In Re Boca Village Ass'n, Inc.

422 B.R. 318, 63 Collier Bankr. Cas. 2d 22, 2009 Bankr. LEXIS 4228, 2009 WL 5217057
CourtUnited States Bankruptcy Court, S.D. Florida.
DecidedDecember 28, 2009
Docket09-29573
StatusPublished
Cited by8 cases

This text of 422 B.R. 318 (In Re Boca Village Ass'n, Inc.) is published on Counsel Stack Legal Research, covering United States Bankruptcy Court, S.D. Florida. primary law. Counsel Stack provides free access to over 12 million legal documents including statutes, case law, regulations, and constitutions.

Bluebook
In Re Boca Village Ass'n, Inc., 422 B.R. 318, 63 Collier Bankr. Cas. 2d 22, 2009 Bankr. LEXIS 4228, 2009 WL 5217057 (Fla. 2009).

Opinion

ORDER GRANTING CREDITORS’ MOTION TO DISMISS CHAPTER 7 CASE

PAUL G. HYMAN, Chief Bankruptcy Judge.

THIS MATTER came before the Court for hearing on November 17, 2009 (“Hearing”) upon Roofing Services, Inc. d/b/a Best Roofing’s (“Best Roofing”) Motion to Dismiss Chapter 7 Case (“Motion”)(D.E.# 13), and Rainbow Colors, Inc. d/b/a RCI Painting & Waterproofing (“RCI,” collectively with Best Roofing, the “Creditors”) Motion for Joinder in Best Roofing’s Motion (D.E.# 18).

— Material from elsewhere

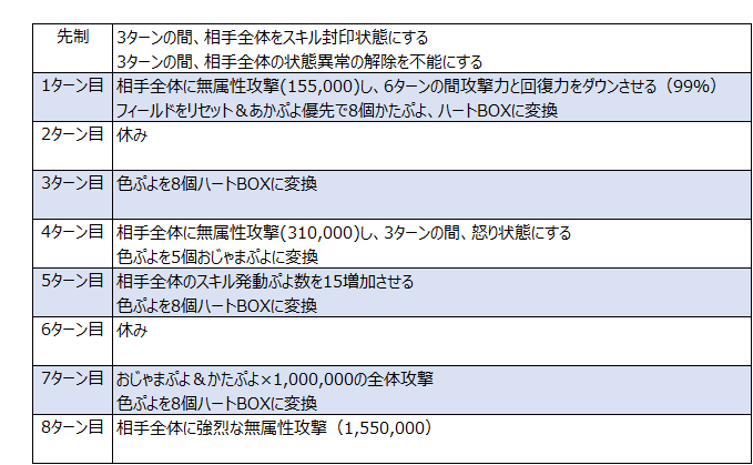 もちろんボスのギミックをかいくぐって大ダメージを与えると言うのも一つの楽しみではあると思います。でも私的にはぷよ消しでいかに早くスキルを発動させるかが、楽しみの大部分を占めているので、何もできない状態を3ターンも用意されても全く面白くない!

The Creditors seek dismissal of the above-referenced Chapter 7 case, filed by Boca Village Association, Inc. (the “Debtor” or “Boca Village”), on September 16, 2009 (the “Petition Date”).

BACKGROUND

At the Hearing, the Debtor and Best Roofing agreed on the record that the determination of this matter presented a purely legal issue based upon the facts contained in the parties’ stipulations and proffer. See Stipulation of Uncontested Facts (D.E.# 23) and Supplemental Stipulation of Uncontested Facts (D.E.#41). Thus, it is undisputed that the Debtor is a nonprofit condominium association with sixty-six units (the “Condominium”). Grant Management, Inc. was hired to handle the day-to-day affairs of the Condominium. Upon the Debtor’s formation in 1975, the Debtor’s Declaration of Condominium of Boca Village Phase I (the “Declaration”), Articles of Incorporation (the “Articles”), and By-Laws (collectively, the “Condominium Documents”) were recorded in the Public Records of Palm Beach County, Florida (ORB 2437 at Page 868). Motion Exs. “A” & “B”.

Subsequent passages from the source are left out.